For Russian investors -- and big local brokerages such as Aton and Uralsib bid for the new 10-year bond immediately -- the offering is perfectly convenient and conventional. The book is run by state-controlled VTB Capital, and the purchases are cleared through the National Settlement Depository, which does settlements for the Moscow Exchange (Euroclear and Clearstream stayed away for the same reason as the potential underwriters).
For foreigners who don’t trade on that exchange and who only know VTB as a co-underwriter of Russia’s 2013 bonds along with some major Western financial institutions, this setup is exotic, especially considering that is under sanctions in the U.S. and the EU and it wouldn’t be able to place its own bonds.
Russia has offered an attractive yield range on the 10-year bond -- 4.65 to 4.9 percent, roughly in line with how Russian eurobonds that mature in 2028 are trading and a little more than for Turkish debt that matures in 2026. That’s quite a lure, given that about $10 trillion of sovereign debt now trades at negative yields. Yet under the watchful eyes of compliance departments, it’s better for foreigners to sit out the primary market offering and pick up the bonds when they start trading on the open market.
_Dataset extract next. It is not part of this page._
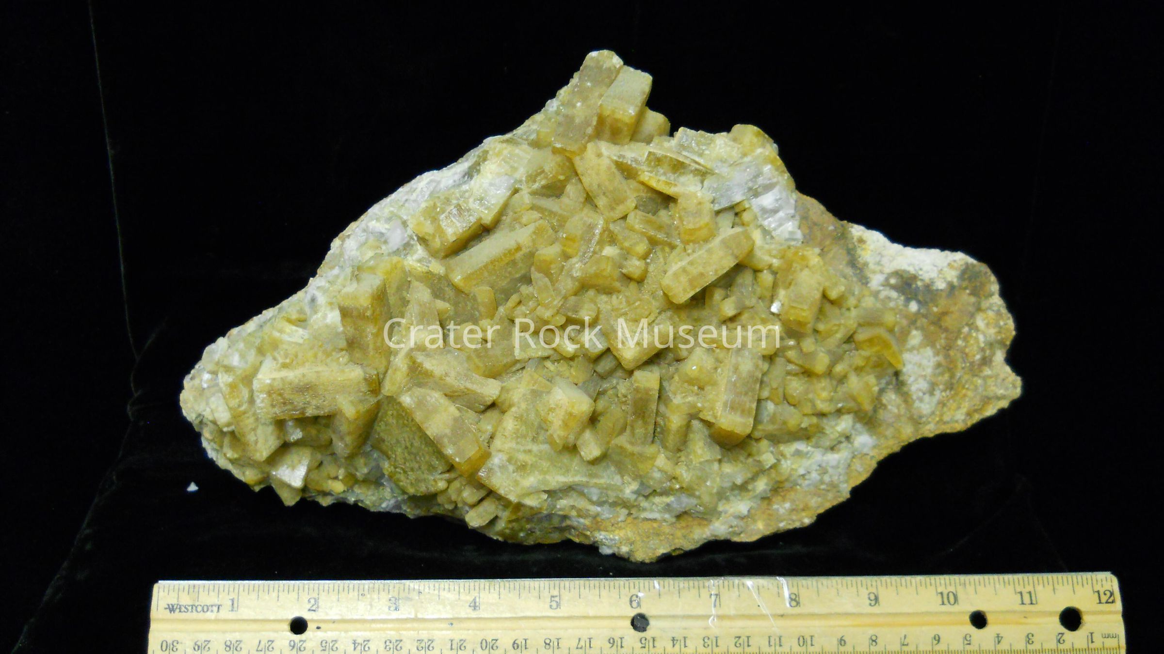 Description: This specimen has beautiful ,large crystals on its top surface that are an opaque, honey color. The base is most likely an iron ore. Several patches of small, clear crystals are also visible,top and bottom.Collection

Siluanov, however, is not just concerned with selling the bonds (it’s not clear yet how much the government will end up selling), but with the quality of the investor pool. He said in April that he’d be looking for the same type of big institutional investors as in 2013. Although VTB Capital could have closed the book on Monday night, when it had $5.5 billion worth of orders, it kept it open to tempt some Asian investors, who might turn out to be less jumpy than Western investors. Tuesday morning, subscription increased to $6.3 billion -- not a huge jump, but good enough for a market test.
The results of the unorthodox placement should tell Siluanov two things: That the Russian government won’t have much trouble borrowing the modest amount of money allowed by the budget, and that, despite the lack of formal sanctions against it, Russia as a sovereign borrower is more toxic than chronically deadbeat Argentina, which easily raised $16.5 billion last month amid demand for $70 billion worth of bonds (albeit offered at a 7.5 percent yield for 10 years).
The latter, however, may change once the new bonds hit the secondary market. If investors can trade them without any problems despite Russian clearing, they will be just another high-yield market instrument, like Russia’s existing, liquid bonds. And it’s likely that the next issue will be easier to sell to foreign entities even without Western banks and settlement systems. Sanctions may prove no contest for investors in these yield-starved times.
This column does not necessarily reflect the opinion of the editorial board or Bloomberg LP and its owners.